Fasttext Text Classification Usage Experience

Source: Internet
Author: User

Recently used in a project fasttext[1], this is the open source of Facebook this year a word vector and text Classification tool, there is no academic innovation, but the advantage is simple model, training speed is very fast. I tried it in a recent project and found that it was really handy to use, and that the results could be used on-line.

In fact, the model used by Fasttext and Word2vec model is the same in structure, take cbow, the difference is that the goal of Word2vec Cbow is to predict the current word by the n words of the current word, in the use of hierarchy Softmax, The leaf node of the Huffman tree is the vector of all the words in the training corpus.

While fasttext in the text classification, the Huffmax Tree leaf node is the word vector of each category label, in the course of training, each word of the training corpus will also get the corresponding word vector, input as a word in the window corresponding word vector, hidden Layer for the linear addition of these words, the result of the addition as a vector of the document, and then through the hierarchical softmax to get the prediction tag, combined with the real label of the document calculation loss, gradient and iterative update word vector.

Fasttext is different from the Word2vec of another point is the addition of ngram to divide the trick, the long word through the ngram cut into a few short words, so for the non-login words can also be cut out by the Ngram word vector into a word. Because Chinese words are mostly short, this will be more useful to English corpus than Chinese corpus.

In addition, Fasttext compared to the deep learning model has the advantage of a very fast training speed. We currently use Fasttext to carry out customer-filled order addresses to the town level category. Each province to establish a model, each model to be divided into categories have more than 1000 classes, about 2 million of the training data, 12 threads less than 1 minutes can be trained to complete, the final classification accuracy and model robustness is higher (county level classification correct accuracy is higher than 99.5%, the town level is higher than 98%), In particular, the abbreviation of place names, or the omission of the municipal administrative areas, district-level districts can also be handled correctly. parameter Aspects

The loss function uses HS (hierarchical Softmax) much faster than the NS (negative sampling) training, and the accuracy is higher.

Wordngrams default is 1, set to more than 2 can significantly improve the accuracy rate.

If the number of words is not many, you can set the bucket smaller, otherwise the reservation will reserve too many buckets to make the model too large.

[2] Because Facebook provided only the C + + version of the code, originally thought to encapsulate a python interface, the results on GitHub already has a packaged Python interface. It is particularly convenient to use, feel that it can not meet their own use requirements, modify the source code is also very convenient.

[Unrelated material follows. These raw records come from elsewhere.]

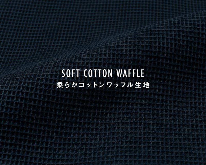 環境保全に配慮したオーガニックコットン仕立てのワッフル素材、春夏に快適なドライなタッチ感と柔らかな風合いがポイントです。
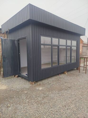 - Примеры габаритов на фото: компактный блок ?2 м (формат кофейной точки) и увеличенные павильоны с фасадным остеклением по длинной стороне.
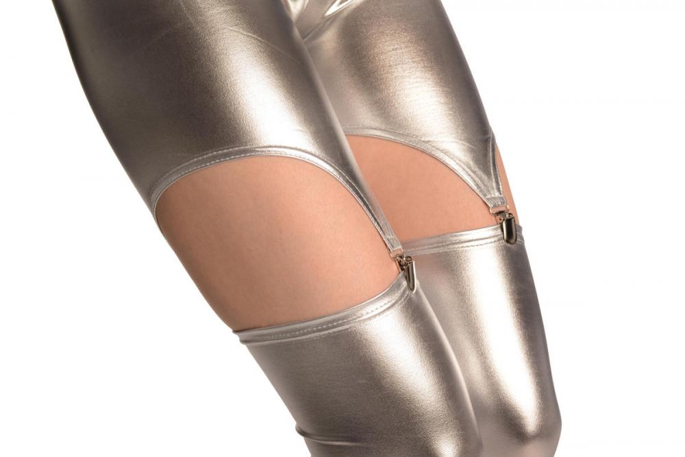 Silver Faux Leather Suspender Clip On Leggings - Leggings
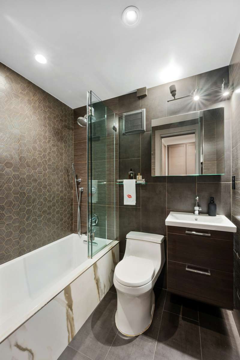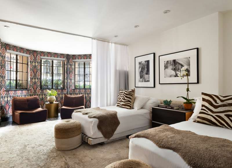 At the opposite end of the apartment, you'll find the second bedroom with separate lounge/office area and a second marble bathroom with deep soaking tub. Every inch of this custom home has been carefully curated with the finest materials and easy living in mind. There are hand selected stone finishes, solid core custom wood doors, brushed-bronze hardware, antique mirrored glass walls, and custom Maya Romanoff wallpaper - no expense spared! Additional amenities include central air-conditioning, a laundry room, motorized shades, custom Lutron lighting and ample storage in the basement. This is a casual co-op with a warm and friendly board.
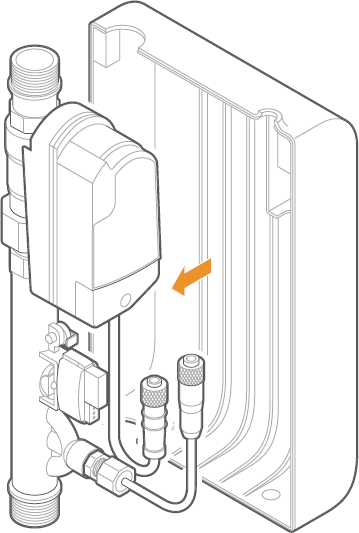 Important: Ensure that the device is installed in the correct orientation. An arrow embossed on the valve+meter indicates the correct direction of water flow.
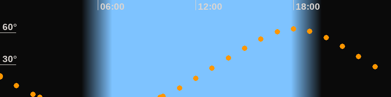 Höchster Stand (Kulmination)18:05 Uhr (h = 63.4°)
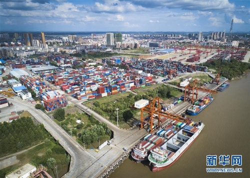 工人在武汉长江中游航运中心核心港阳逻港进行装载作业(8月13日无人机拍摄)。新华社记者肖艺九/摄

For the same text classification problem, but also with a one-way lstm done again, input pre-trained embedding word vector, and in training fine-tune, compared with fasttext, even using the GTX 980 GPU, training speed is still much slower , and the accuracy and accuracy of the fasttext are similar.

So for text classification, it is very suitable to make a simple baseline with Fasttext first.

[1]https://github.com/facebookresearch/fasttext
[2]https://github.com/salestock/fasttext.py

Contact Us

The content source of this page is from Internet, which doesn't represent Alibaba Cloud's opinion; products and services mentioned on that page don't have any relationship with Alibaba Cloud. If the content of the page makes you feel confusing, please write us an email, we will handle the problem within 5 days after receiving your email.

If you find any instances of plagiarism from the community, please send an email to: info-contact@alibabacloud.com and provide relevant evidence. A staff member will contact you within 5 working days.

A Free Trial That Lets You Build Big!

Start building with 50+ products and up to 12 months usage for Elastic Compute Service

  • Sales Support

    1 on 1 presale consultation

  • After-Sales Support

    24/7 Technical Support 6 Free Tickets per Quarter Faster Response

  • Alibaba Cloud offers highly flexible support services tailored to meet your exact needs.